With all the parental authority I could muster I stated confidently, "I have waited my whole life to be old enough to wear what I want, and I am going to wear it."
Illustrating textbook mortification she flopped on my bed with despair and said, "I'm doomed!"
She really is too mature for her age. She shouldn't be capable of such dramatic interludes until she is at least 15.
I pulled on the final offending garment, heart myself jingle and wondered if I really should have taken a stand for my right to dress myself. Maybe I should have gone with the matching look, instead.
(This is what happens when you try to open your eyes wider to hide the wrinkles, you end up looking like you just sat on a tack.)
Because, this is what I looked like all day.
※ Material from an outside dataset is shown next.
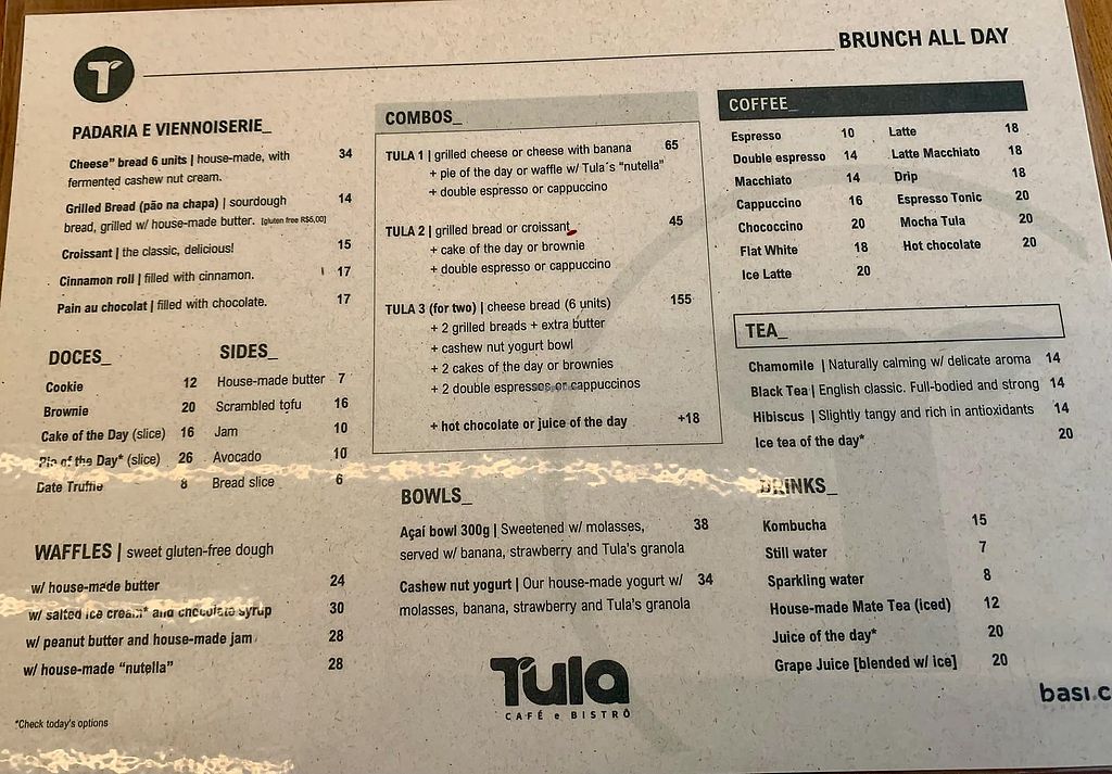 O Tula tem um ambiente muito agradável e é uma excelente opçāo seja para um café com salgado/doce ou um almoço caprichado. A localizaçāo também é bastante conveniente, colado na praia de Copacabana.

This is the sweater my daughter, Bethany, made for me last year. She meant to embarrass me by making the World's Ugliest Sweater. Instead, I embarrass her by wearing it and telling everybody she made it.
But, somehow, walking around today, jingling, jangling and snagging on all the unsightly things hot-glued to my sweater, I came to the conclusion that the joke was still on me.
Literally, on me.
And I put my foot down for the right to dress myself?